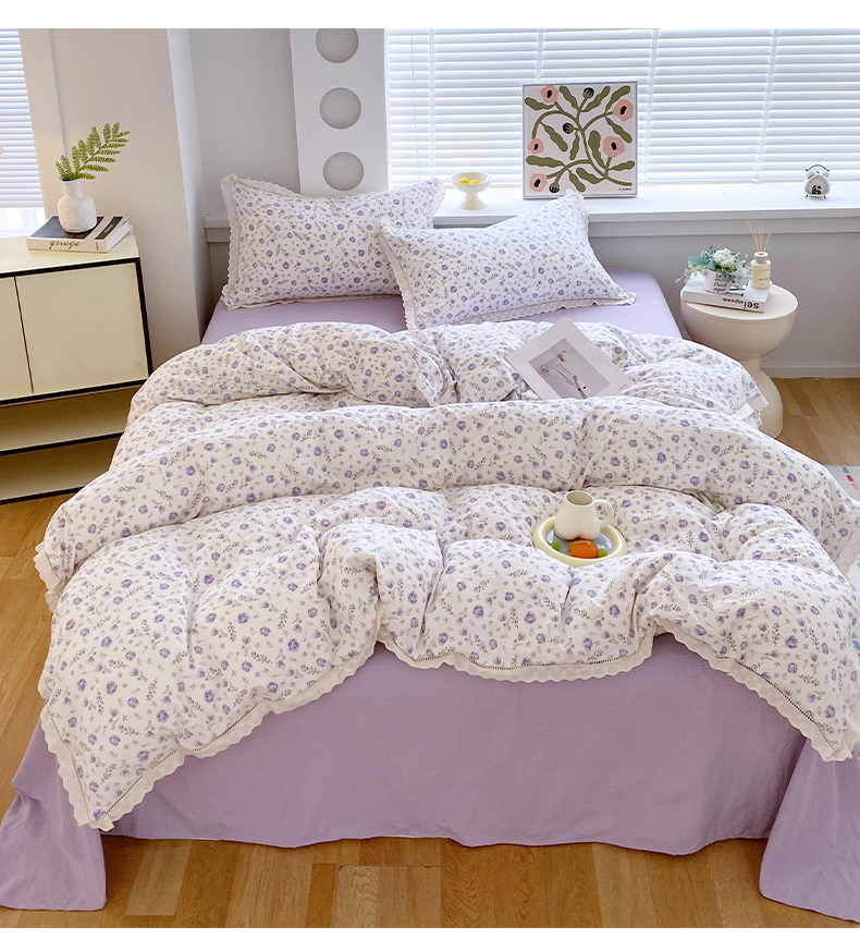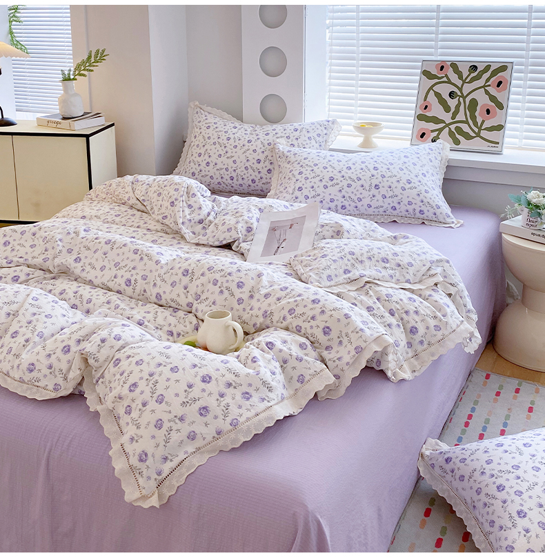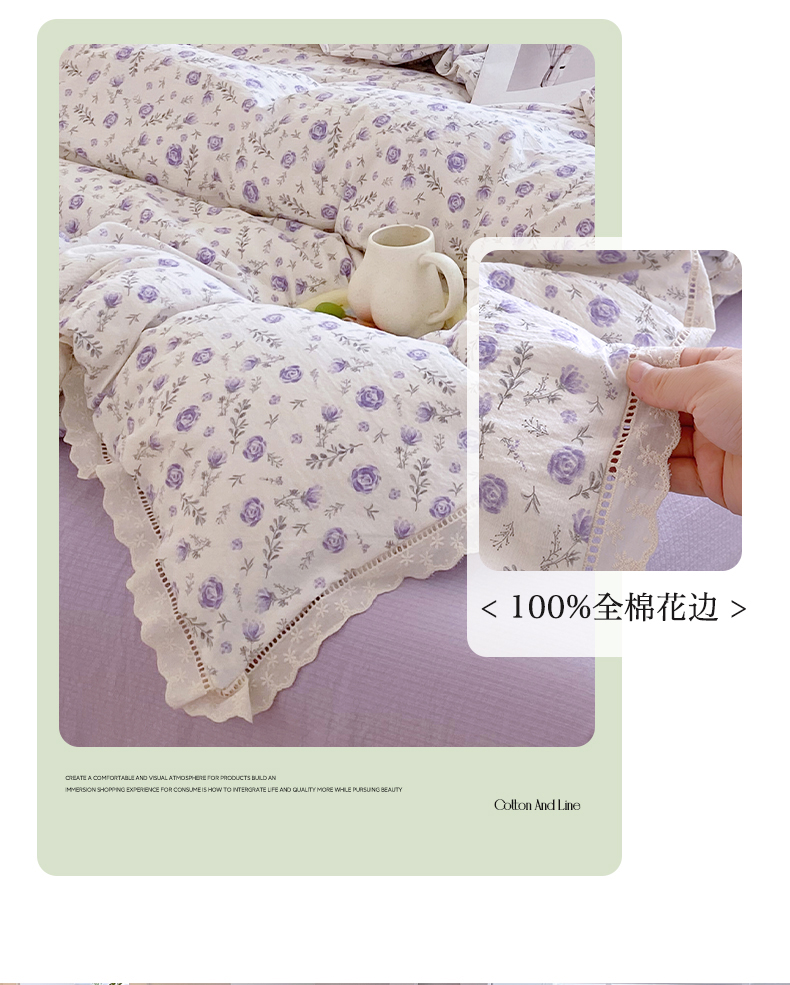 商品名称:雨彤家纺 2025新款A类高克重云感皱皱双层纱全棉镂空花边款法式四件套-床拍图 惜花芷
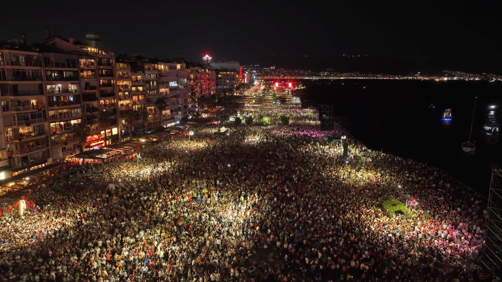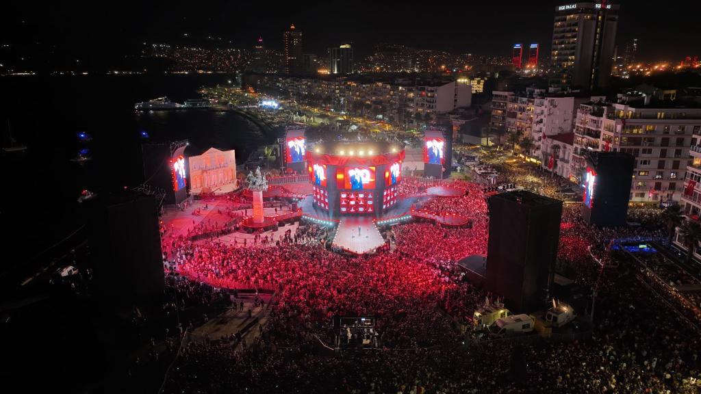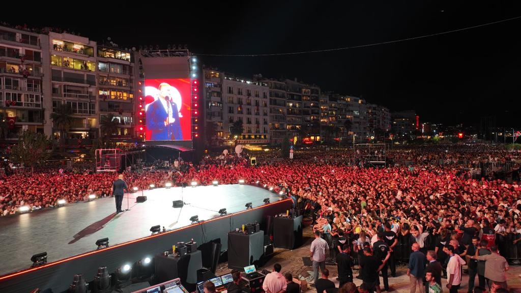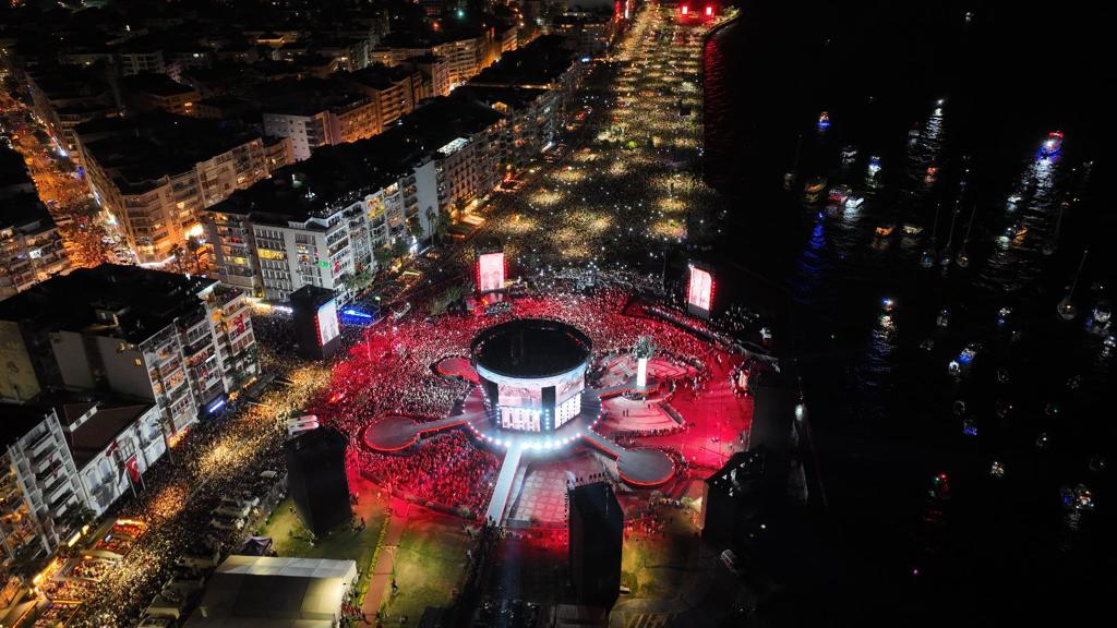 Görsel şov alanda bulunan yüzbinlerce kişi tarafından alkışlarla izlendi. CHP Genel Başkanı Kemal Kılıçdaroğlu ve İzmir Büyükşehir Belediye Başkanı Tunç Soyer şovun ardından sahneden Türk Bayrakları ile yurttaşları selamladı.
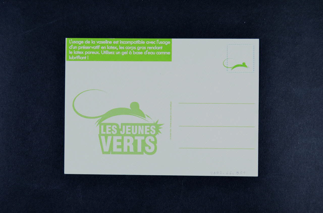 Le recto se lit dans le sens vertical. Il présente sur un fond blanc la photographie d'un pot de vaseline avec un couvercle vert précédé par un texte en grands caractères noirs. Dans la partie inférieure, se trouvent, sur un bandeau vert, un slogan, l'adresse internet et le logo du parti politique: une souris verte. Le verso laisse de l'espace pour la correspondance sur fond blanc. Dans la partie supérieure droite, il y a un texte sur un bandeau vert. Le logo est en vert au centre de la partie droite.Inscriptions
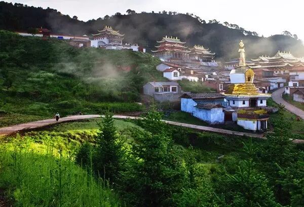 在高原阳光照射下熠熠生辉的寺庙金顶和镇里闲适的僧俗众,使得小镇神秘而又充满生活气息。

********

*Exercise:* Word-for-word restatement: every line from the one with "Le recto se" through the final line of the data, both ends included, pictures excluded.

*Output below:*
 Le recto se lit dans le sens vertical. Il présente sur un fond blanc la photographie d'un pot de vaseline avec un couvercle vert précédé par un texte en grands caractères noirs. Dans la partie inférieure, se trouvent, sur un bandeau vert, un slogan, l'adresse internet et le logo du parti politique: une souris verte. Le verso laisse de l'espace pour la correspondance sur fond blanc. Dans la partie supérieure droite, il y a un texte sur un bandeau vert. Le logo est en vert au centre de la partie droite.Inscriptions
 在高原阳光照射下熠熠生辉的寺庙金顶和镇里闲适的僧俗众,使得小镇神秘而又充满生活气息。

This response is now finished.